1.7 Biostatistics 1 Flashcards
What is a probability sample?
A probability sample is one that is chosen in a way that allows you to determine how likely it is that an individual from the population is included in the sample.
What are the methods for getting probability samples?
Simple random sampling
Systematic sampling
Stratified sampling
Cluster sampling
Describe ‘Simple Random Sampling’
Every individual in the population has an equal chance of being part of the sample
Describe ‘Systematic Sampling’
Sample chosen from a list of al individuals in the population by selection every k^th individual, where k is any number. e.g. every 3rd person from the list. May inadvertently develop a pattern in sample.
Describe ‘Stratified Sampling’
The population is divided into strata (subgroups) and then a random sample is selected from each of the strata. Usually stratify for age and sex.
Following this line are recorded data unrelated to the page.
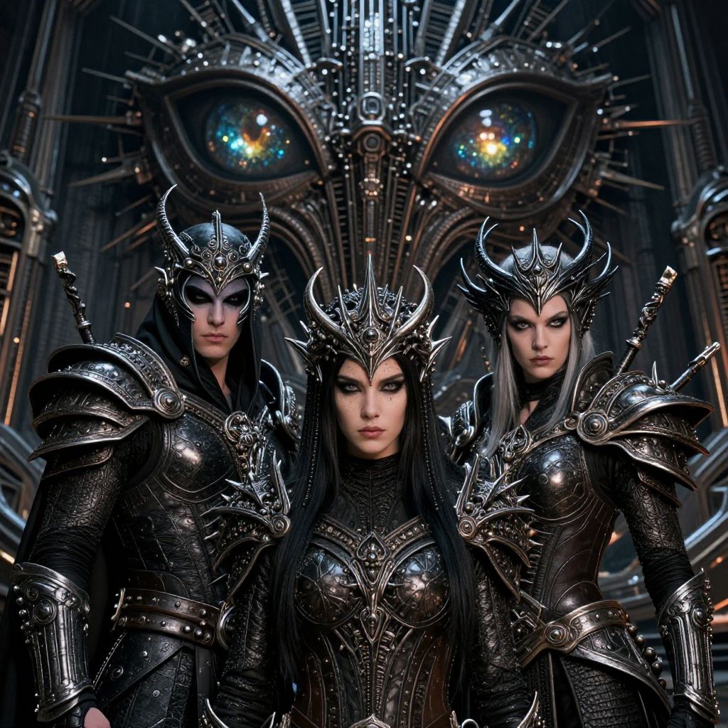 Three women in ornate, black, metallic armor with crowns, standing in a dark, futuristic cathedral with glowing, circular eyes. (Digital Art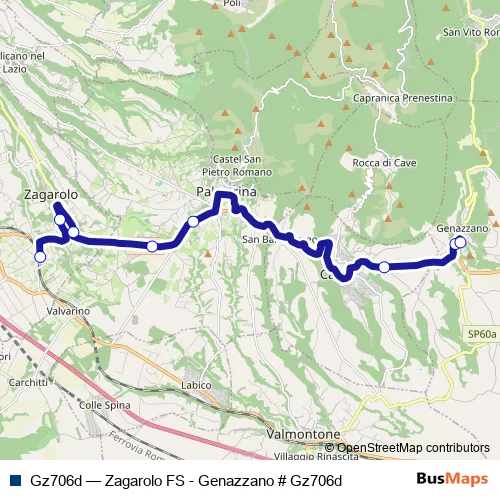 Bus Gz706d - Zagarolo FS - Genazzano # Gz706d in Genazzano: Stops & Timetable
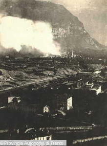 - VALSUGANA. OSPEDALETTO (TN). VEDUTA DEL PAESE MENTRE È IN CORSO UN VIOLENTO INCENDIO. 1915-1918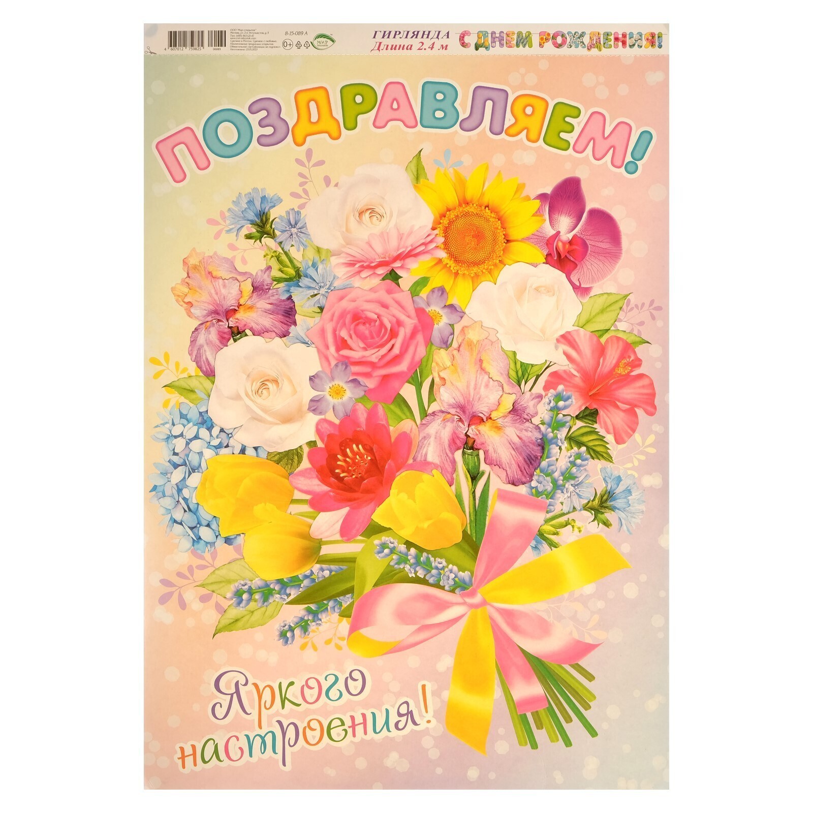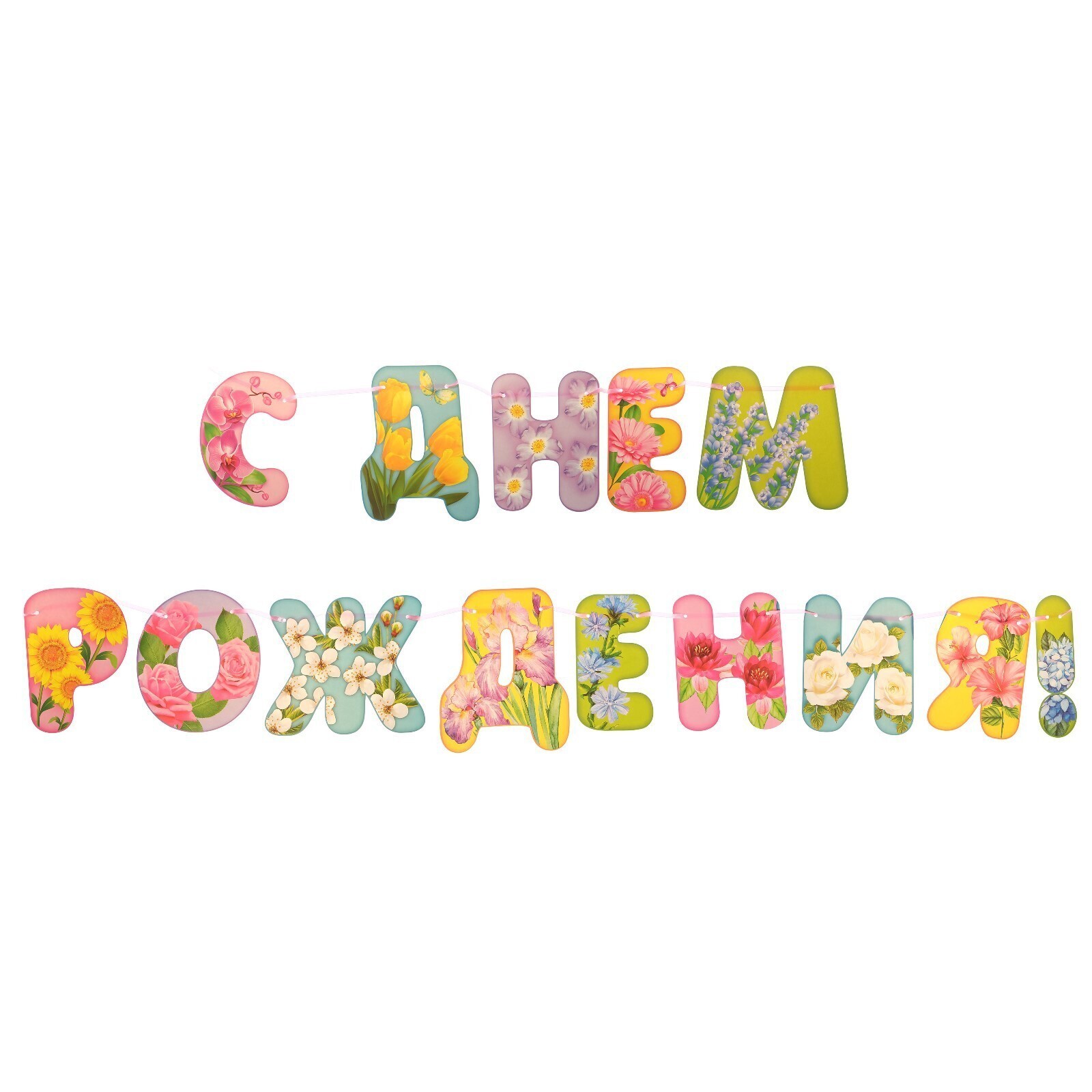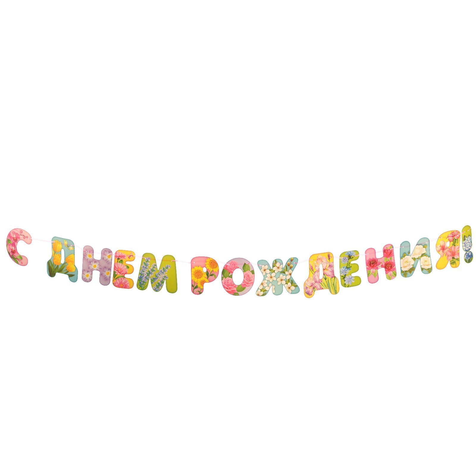 Гирлянда "С Днем Рождения!" цветы, 240 см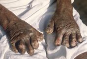 According to recent figures from the WHO, 208,619 new cases of leprosy were reported in 2018 from 127 countries.[58] It is most prevalent in India (69% of cases), Brazil, Indonesia, Nigeria, the Democratic Republic of the Congo, Madagascar , and East Africa from Mozambique to Ethiopia, with the highest relative incidence in India, Brazil, and Nepal.[59] There are one to two million individuals currently disabled or disfigured due to past or present leprosy.[60] It is caused by bacteria and transmitted through droplets from the mouth and nose of infected individuals.[61]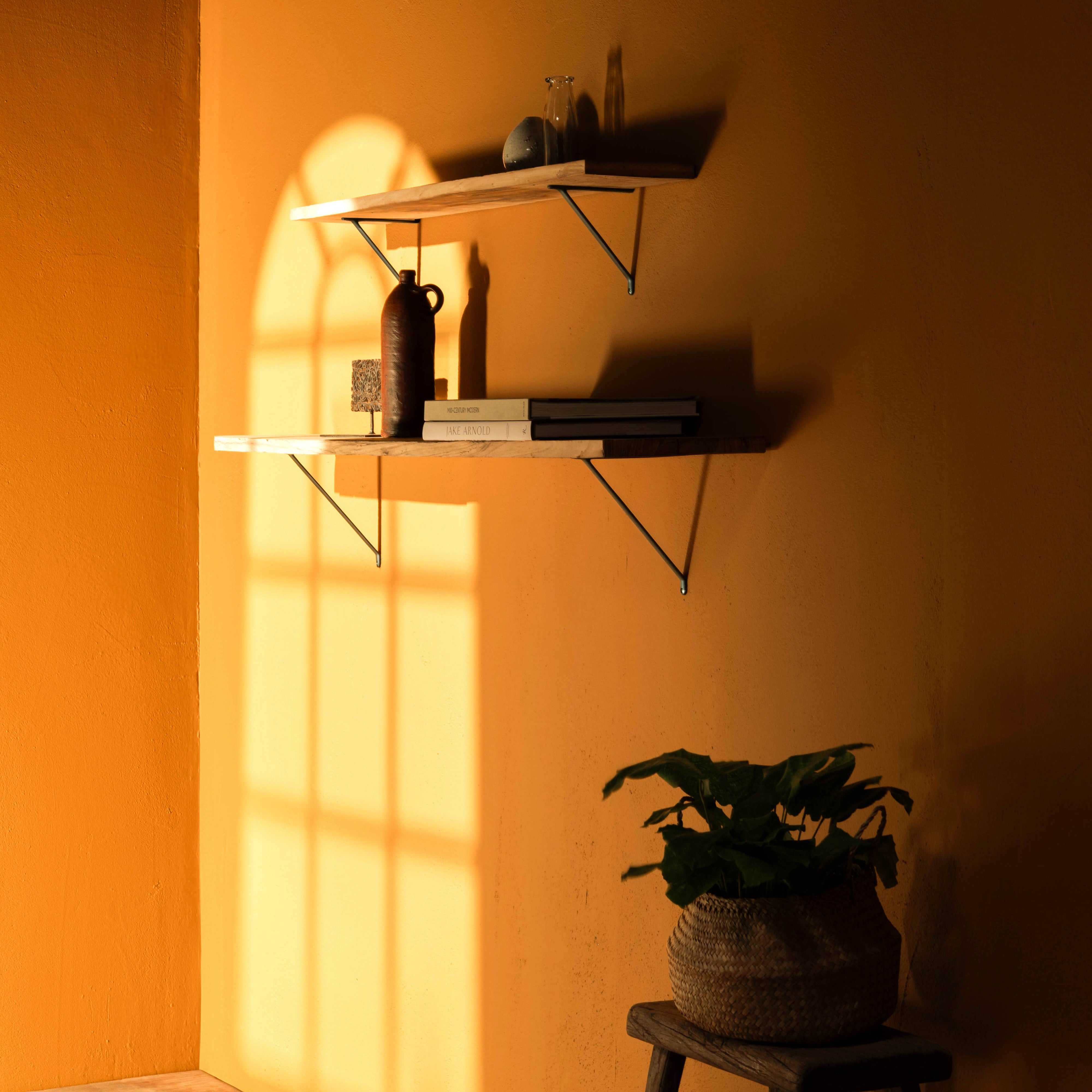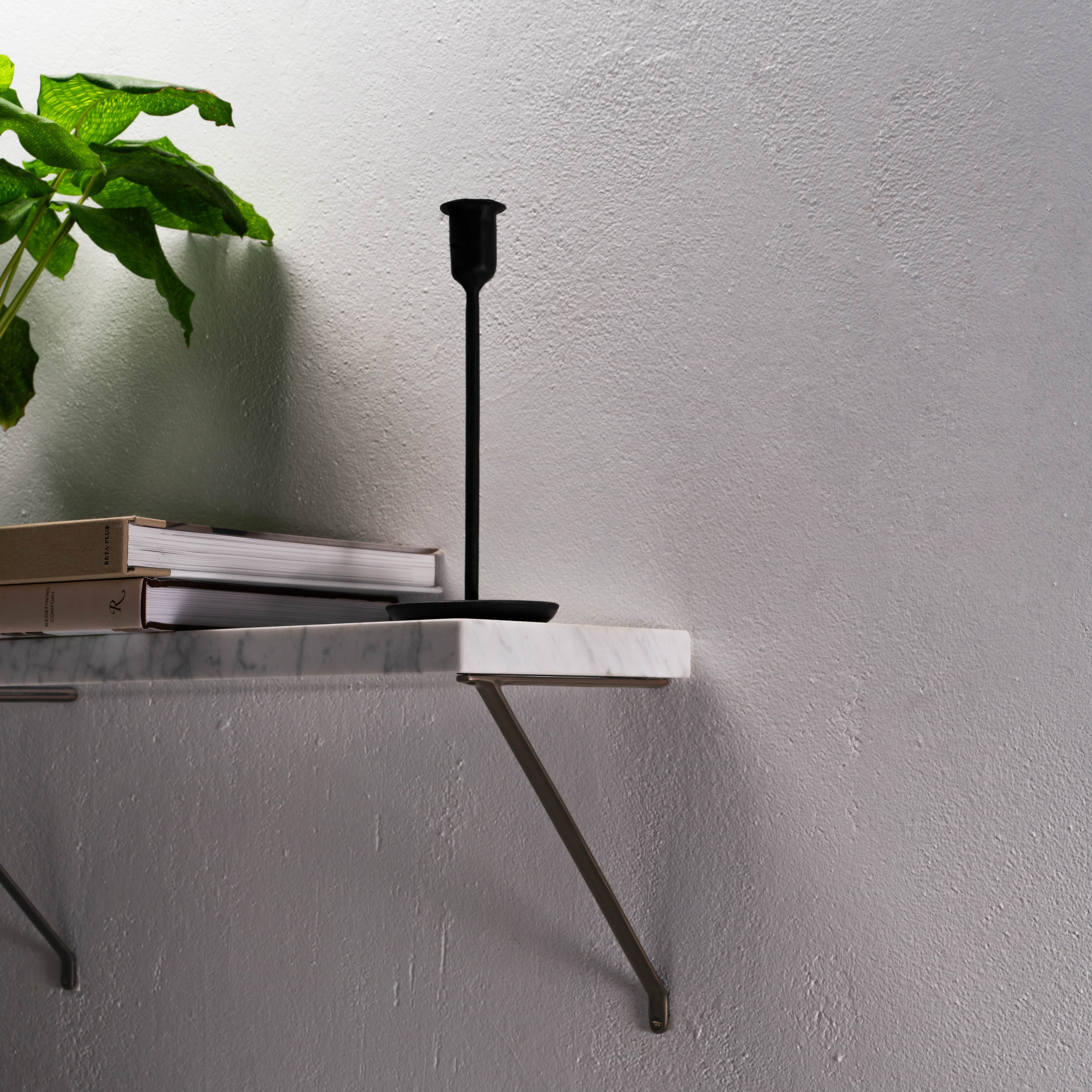 Unsere Brixton-Regalhalterung ist aus einem einzigen Stück robusten, massiven Messings gegossen und sitzt bündig an der Wand. Die Regalhalterung hat eine Lastgrenze von 40 kg.

Describe ‘Cluster Sampling’
Clusters (groups) are selected from the population, and then a random sample of the individuals is taken form each of the selected clusters. May introduce some sort of bias (e.g. socio-economic status when clustering by streets or suburbs)
What is a ‘Non-Probability Sample’
A non-probability sample is one that is chosen in a way that makes it impossible to determine how likely it is that an individual from the population is included in the sample.
What are the four methods for getting non-probability samples?
Convenience Sampling
Quota Sampling
Purposive Sampling
Snowball Sampling
Describe ‘Convenience Sampling’
Asking med student to participate in research
Describe ‘Quota Sampling’
Med students recruited until quota for each gender is filled
Describe ‘Purposive Sampling’
Selecting individuals that exemplify the ‘typical med student’
Describe ‘Snowball Sampling’
Select a few ‘typical med students’ who ask their friends to join and so on.
Name the two types of data
Categorical
Numerical
Name the two types of categorical data
Nominal
Ordinal
Name the two types of numerical data
Discrete
Continuous
Describe Nominal Data
Numbers mean nothing, purely a way to name data. E.g. gender (Male = 1, Female = 2)
Describe Ordinal data
Some sort of rationale/ranking to numbering. e.g. In general, how do you rate your health? 1=poor, 2=fair and so on.
What are the three measures of central tendency?
Mean
Median
Mode
Describe the Mean
Sum of values / number of values.
Can be manipulated algebraically, most stable estimate of central tendency. However, is influenced by extreme scores and can’t be used for nominal data
Describe the Median
Middle point of ordered data (50% of scores fall either side). Relatively unaffected by extreme scores (useful for skewed distributions), can be used with ordinal data. However cannot be manipulated algebraically.
Descrive the Mode
The value that occurs most frequently in the data set. Can be used with nominal data, is a real score from the data set. However, may not be particularly representative of the data set and cannot be manipulated algebraically.
What are the 5 measures of variability?
Range Interquartile range Variance Standard deviation Standard error
How do you calculate the variance?
s^2.
Calculate the mean, subtract mean from each observation, square the difference. Sum the squared differences and divide by n-1. Not directly interpretable as variance can fall outside the values of the range.
How do you calculate standard deviation?
Square root of the variance.
Conveys how widely or tightly the observations are distributed from the central tendency (mean). A measure of variance that is on the scale of the mean.
How do you calculate Standard Error?
SE=SD/Square root of n. Often confused with standard deviation. Describes the variability we might expect in the means of repeated sample taken form the population. Quantifies variation in sample means.
It assumes the data is taken from one sample of an infinite number of possible samples from larger population.
In a normal distribution, what percentage of values lie within one standard deviation either side of the mean?
68%
In a normal distribution, what percentage of values lie within two standard deviations either side of the mean?
95%